Un mois de tensions, de disputes juridiques et une relation détruite. Tout cela à cause d'une carte à gratter qui ne valait en fait... rien.
La confirmation, rapportée par «TGcom24», est venue de l'Agence des douanes et des monopoles après un contrôle de routine d'un coupon qui avait déclenché une guerre entre petits amis à Carsoli, dans la province de L'Aquila.

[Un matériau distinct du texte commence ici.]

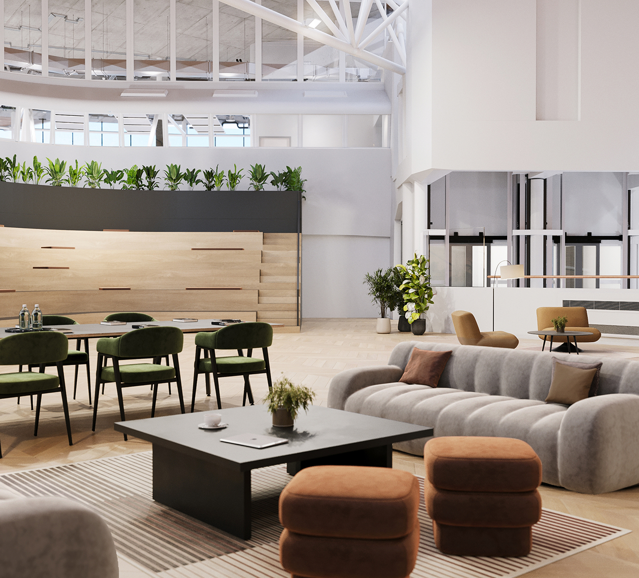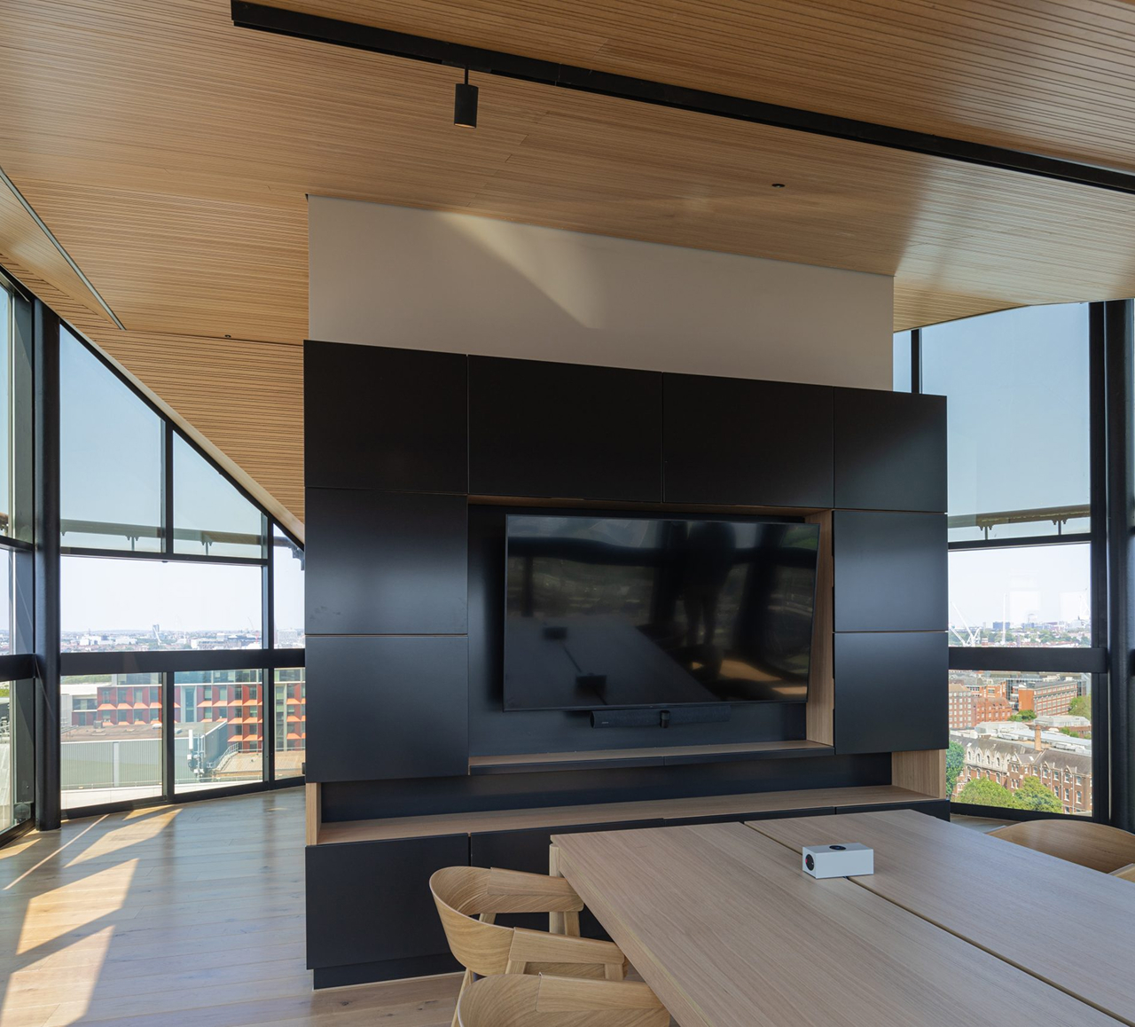 This 394 sq ft communal meeting room on the 12th floor can accommodate 8 people for a meeting. It is served by a private lift and is the perfect place to wow any client, with 360 panoramic views over the City and Hammersmith and is equipped with communal conference facilities.

L'erreur était banale, mais aura été coûteuse sur le plan émotionnel. La femme avait lu un 13 là où il y avait un 43, et c'est justement ce chiffre qui manquait pour compléter la combinaison gagnante de 500 000 euros.
Si elle avait rayé complètement la case supérieure du numéro, elle aurait évité tout ce qui s'en est suivi.
Tout a commencé le 8 mars, à l'occasion de la Journée de la femme. L'homme avait offert à sa compagne un cadeau spécial: une carte à gratter. Le couple a gratté le ticket ensemble au bar, avec l'accord explicite de partager les gains éventuels.
Les chiffres semblaient être les bons : 47, 29, 50 et ce fameux 13 qui, pourtant, ne l'était pas. La femme a fêté cela avec son ami, puis a demandé confirmation au barman. Lui aussi a mal lu le numéro et a confirmé le gain du jackpot.
À ce moment-là, la femme a pris une décision radicale. Elle a disparu, déposé le billet à la banque et s'est évanouie dans la nature. Son ami, avec qui elle vivait depuis peu, s'est adressé à la «Guardia di Finanza» pour clarifier la situation.
Pour les gains importants, la procédure veut que les billets soient soit déposés à la banque, soit envoyés au bureau des prix à Rome pour les vérifications nécessaires. C'est précisément cette étape qui a tout changé.
Les agents de l'Agence des douanes et des monopoles ont gratté correctement le carré et ont découvert la vérité. Le billet valait... zéro euro. L'expertise a mis fin automatiquement à tout litige. Pas d'argent à partager, pas de bataille juridique.
Pour le couple, qui jusqu'au 8 mars semblait très uni, il n'y a pas de vérification officielle qui puisse réparer la relation. L'Agence des monopoles peut confirmer ou infirmer les gains, mais ne peut rien faire pour les relations gâchées... par un billet de loterie.